The Year of Selfish

2018 is the year of Me. I am giving myself permission to put myself first and to tell other people ”no” without explaining or feeling like I have to. I’m giving myself permission to be a mess and to clean it up when I am good and ready because clearly forcing myself into happiness has not worked thus far. I give myself permission to be in love with people, in any way I see fit (emotionally), and to not stuff those feelings down. Those feelings are mine and I deserve to feel them and shouldn’t make myself feel bad for doing so.
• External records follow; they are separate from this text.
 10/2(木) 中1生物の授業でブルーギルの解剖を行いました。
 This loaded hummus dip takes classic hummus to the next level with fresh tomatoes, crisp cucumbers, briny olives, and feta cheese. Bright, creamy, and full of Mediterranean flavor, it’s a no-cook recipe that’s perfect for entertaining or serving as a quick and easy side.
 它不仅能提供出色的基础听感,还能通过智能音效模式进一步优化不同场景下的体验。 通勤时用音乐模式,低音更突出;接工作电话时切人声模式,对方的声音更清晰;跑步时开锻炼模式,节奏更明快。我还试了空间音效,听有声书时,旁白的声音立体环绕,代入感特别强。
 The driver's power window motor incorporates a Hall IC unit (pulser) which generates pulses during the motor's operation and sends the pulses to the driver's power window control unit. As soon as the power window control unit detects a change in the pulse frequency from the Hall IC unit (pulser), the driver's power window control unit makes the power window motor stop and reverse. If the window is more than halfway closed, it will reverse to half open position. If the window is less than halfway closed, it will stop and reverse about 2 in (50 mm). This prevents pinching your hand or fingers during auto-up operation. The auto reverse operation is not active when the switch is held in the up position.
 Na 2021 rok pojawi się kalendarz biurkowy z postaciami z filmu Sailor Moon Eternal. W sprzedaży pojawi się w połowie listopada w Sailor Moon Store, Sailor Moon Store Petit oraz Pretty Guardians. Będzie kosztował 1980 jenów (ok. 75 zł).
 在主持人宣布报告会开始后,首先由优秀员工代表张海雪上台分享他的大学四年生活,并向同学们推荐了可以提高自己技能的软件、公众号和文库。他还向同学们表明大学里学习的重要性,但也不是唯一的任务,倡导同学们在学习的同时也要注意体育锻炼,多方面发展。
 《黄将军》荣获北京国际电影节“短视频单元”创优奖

2018 will be a year in which I cry more often in public because my heart is sad and I am a deeply feeling person. I will be attentive to friendships and begin burning down the walls of inhibition. I am 34 years old. I want to live to be 35, both literally and figuratively. I have held myself back so much.

This year I am giving myself permission to figure out what I need to be happy and to foster those needs until I get there. I give myself permission to enjoy pot without feeling guilty and to experiment with whatever the fuck I feel like because I can. I am the boss of me and it’s time I start acting like it.

2018, we are going to be selfish together. We will take more bath bomb and epsom salt baths and go to the beach. We will go to stupid spin class and almost die because we need to sweat out the shit of day to day life. We will declutter our house, mind, and heart. Me and 2018 are going to be a force to be reckoned with.

2018, I hope you’re ready. We got this.